Ryan comes to the conference room to see everyone already sitting there. He thinks he's about to give a Blackberry tutorial, but in fact, everyone's waiting for a mystery presentation from Michael. Ryan notices several printouts taped to the wall at the front of the room: the old bag from Titanic, and the old bag from the "Where's the beef?" commercials, among others. Ryan thinks he sees where this is going, and tries to stop it when Michael arrives, but Michael bossily sends him to take a seat, and gets down to it. He says that they've heard a lot today about new ideas, and that new ideas are fine, but that "they are also illegal." You see, Jan? YOU SEE?! Michael calls new ideas a form of ageism.
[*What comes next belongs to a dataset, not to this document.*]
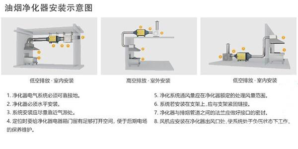 8、確保安全生產,油煙凈化器規定能與離心風機連動,即油煙凈化器盲目跟風一機多另外電源開關;假如不可以連動的,應當保證在起動油煙凈化器以前務必先起動離心風機運行10分鐘,關閉設備先要關閉油煙凈化器后再停離心風機。
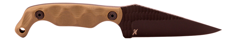 The Stroup Bravo 5 is a fixed blade knife featuring a 3.5" Wharncliffe blade made from 1095 high carbon steel with an acid etched finish and plain edge. The 7.75" overall length knife has a Cerakote-finished handle in black with Olive Drab Green G10 scales and includes a Kydex sheath. This knife is subject to California Proposition 65 warnings and state restrictions apply.

He reads out some facts he ganked from Wikipedia about some age discrimination act. Toby quietly tells Jim he believes Michael's right (which doesn't stop Michael telling him to shut up, of course). Michael rhetorically asks why we hate old people so much. "Because they're lame," says Creed. Ha! But Michael says they're not lame, and mentions their great storytelling ability (like the Titanic broad) and their moments of homespun humor (like the Wendy's lady). Michael's just warming to his theme when an elderly gentleman appears in the doorway: turns out this is one of the founders of the company, Robert Dunder. Everyone claps in surprise that their was an actual entrepreneur, at some point, behind this now struggling venture. Ryan calls Michael out into the hall to complain that they have actual work to do, but Michael threatens to call David Wallace and tell him Ryan turfed one of the founders of the company. The camera pushes in on Ryan as he considers whether to call Michael's bluff...
...but he must have studied game theory in his MBA program, because the next thing we see is Mr. Dunder telling the group that he's eighty-seven. Aw, he doesn't look a day over eighty-five.
Dwight breaks in to interview that he's going to live for a long time; his Grandmother Schrute lived to be 101, and his Grandfather Mannheim is 103, and still living in Argentina: "I tried to go visit him once, but my travel visa was protested by the Shoah Foundation." HA!
Mr. Dunder starts telling the story about the founding of the company. Apparently, back then, he used to wear an onion on his belt -- which was the style at the time. And nickels were called "bumblebees." "Gimme five bees for a quarter," they'd say! It doesn't take long for Mr. Dunder to lose the crowd, and Michael, his point apparently made, hustles him back out the hall, ignoring his requests for a ride or at least a cab chit. Michael sums up what they've learned: "You can't teach a dog new tricks. Because it's illegal, and you'll go to jail." Also, don't ask old people to tell you about what their lives were like when they were still contributing members of society. Pam raises her hand to offer to take Mr. Dunder home, and pretty much ignores Michael's attempts to put her off. "What a nice guy," says Michael of Mr. Dunder, as Pam takes off with him. Yes, Michael, I'm sure he's saying the same about you.